Only the lines from the first line of the data through the line containing "Types of Houses with Names in English" belong in the answer, transcribed exactly; pictures do not.

## Data:
===

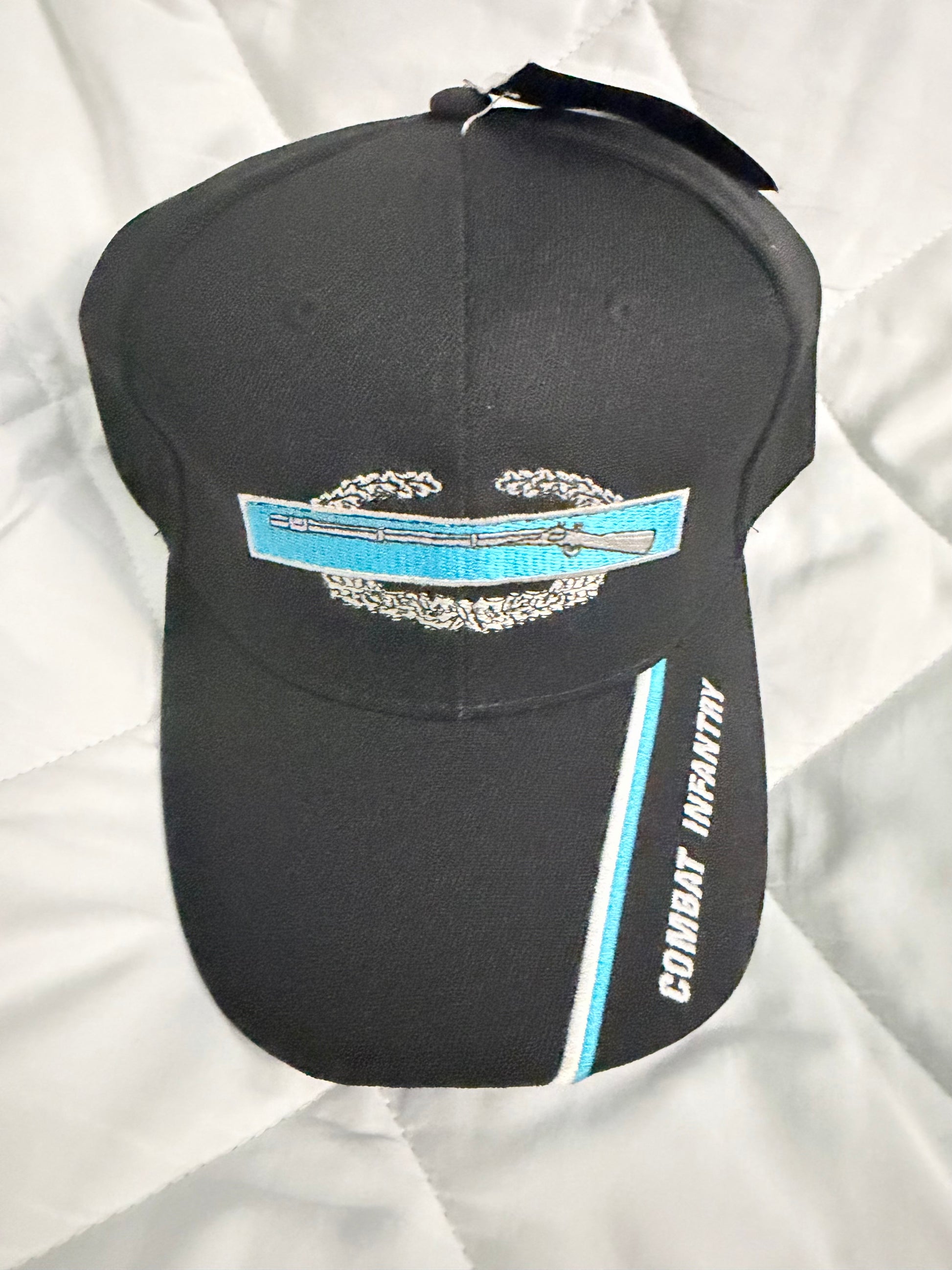 White Letters Letters embroiled Combat Infantry Service logo, Adjustable Velcro strap closure.
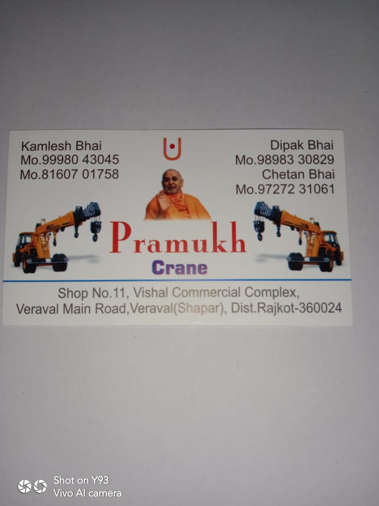 Parmukh crane Kamleshbhai Korat 9998043045 shop no 11 ,vishal complex, veraval main road ,veraval (shapar)
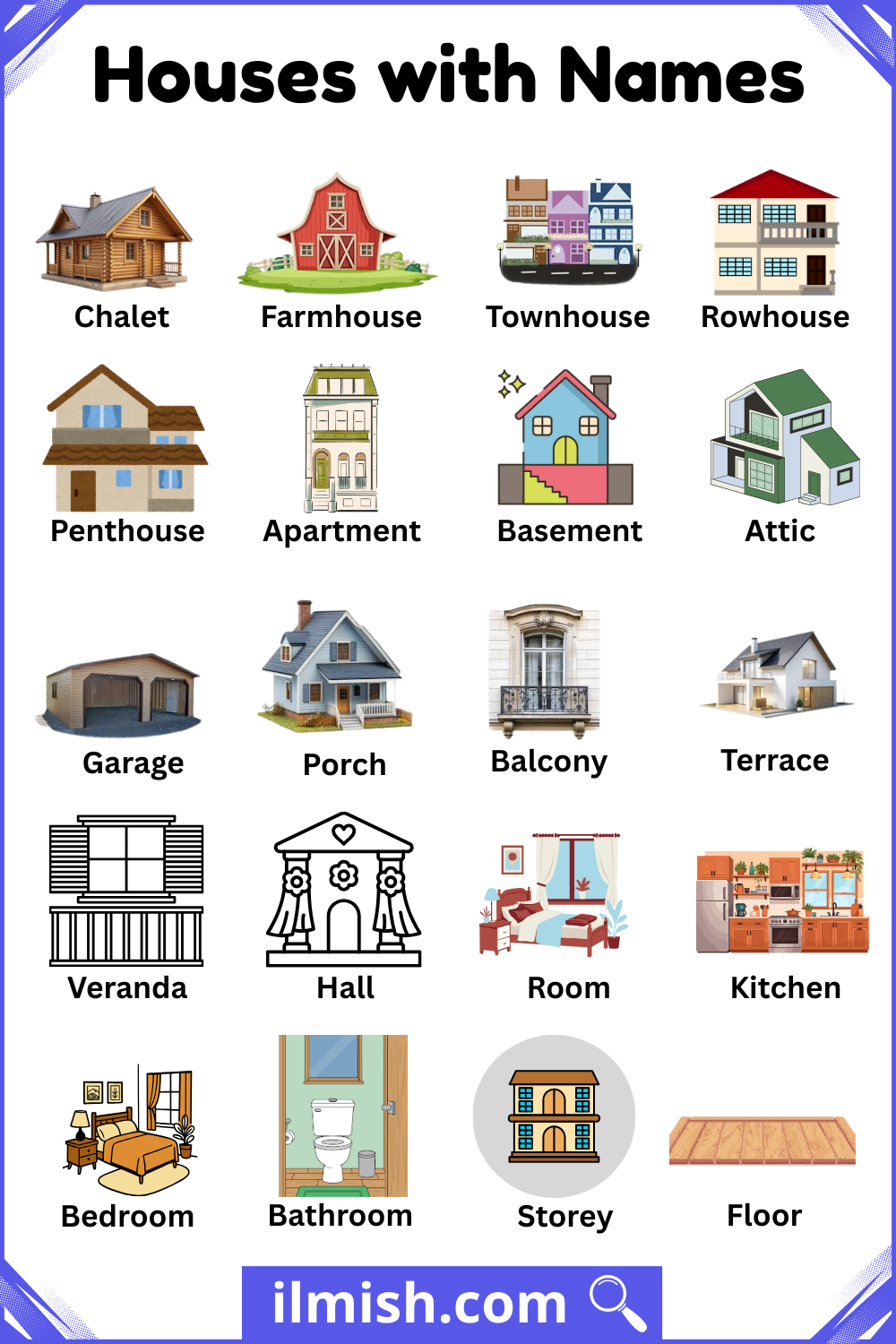 Types of Houses with Names in English
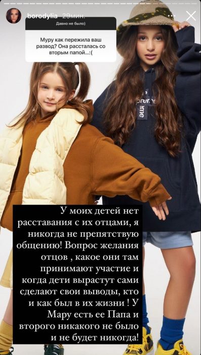 Также Бородина призналась, что со своей свекровью, правда не уточнила с какой именно, она сохранила хорошие отношения. Они даже переписываются в соцсетях и, по всей видимости, обмениваются последними новостями или обсуждают вопросы, касаемые детей.

===

## Written solution:
 White Letters Letters embroiled Combat Infantry Service logo, Adjustable Velcro strap closure.
 Parmukh crane Kamleshbhai Korat 9998043045 shop no 11 ,vishal complex, veraval main road ,veraval (shapar)
 Types of Houses with Names in English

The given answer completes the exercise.